History of Film: 1935-2018
25B | CCN: 25105
M/W 2:00-3:30pm; M 3:30-6:00pm, Dwinelle 188
In this introductory survey course we will examine the history of cinema from the impact on national cinemas of the rise of Fascism in 1930s Europe through the international development of film as a transformative technology, art form, and commercial medium up to the present time. In addition to our main textbook, we will also draw on material from The Oxford History of World Cinema edited by Geoffrey Nowell-Smith and Flashback: A Brief History of Film by Louis Gianetti and Scott Eyman, as well as the scholarship of such film theorists and historians as Tom Gunning, Charles Musser, Linda Williams, John Belton, Hamid Naficy, Thomas Elsaesser, Henry Jenkins, Lev Manovich, and many others, in discussing the way certain landmark short and feature films reflect social, political, and ideological changes through the decades.

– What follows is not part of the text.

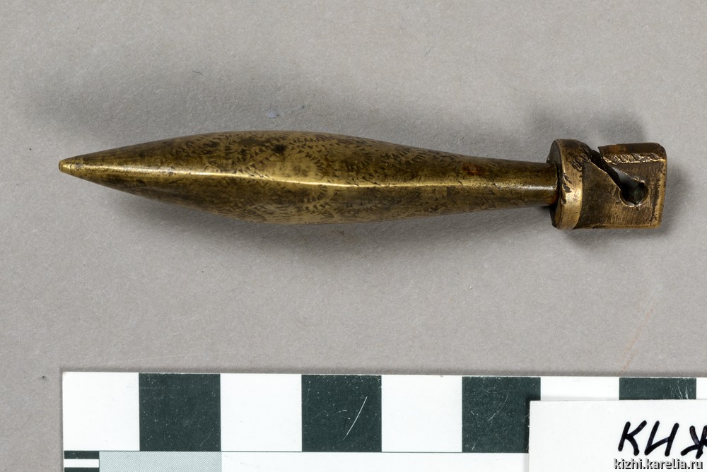 Выполнена в форме рыбки, полая внутри. На корпусе канфарением нанесены узоры в виде дуг из V-образных засечек.

The objectives of this course are to:
1. familiarize the students with the major technological and aesthetic innovations of the past 80 years which have given rise to the cinema as we know it today;
2. foster students’ awareness of the economic, social and political contexts in which sound cinema developed, and the impact which cinema had, in turn, on nations, cultures, and historical events; and
3. give students a clear sense of the major movements in post-1935 cinema (including classical and post-classical Hollywood cinema, experimental, documentary, and avant-garde cinema, Italian Neo-Realism, French Poetic Realism and New Wave, Third Cinema, Political Cinema of the 1960s-‘70s, and film in the era of global multimedia) and how those movements intertwined with critical, theoretical, and popular responses to the medium.
Attendance is required both in class and in the weekly screening lab. There will be a mid-term exam and a final exam, along with a number of short in-class quizzes on assigned readings and screenings. Students should expect to read to a lot, take notes in class, and study films in terms of the historical developments they represent.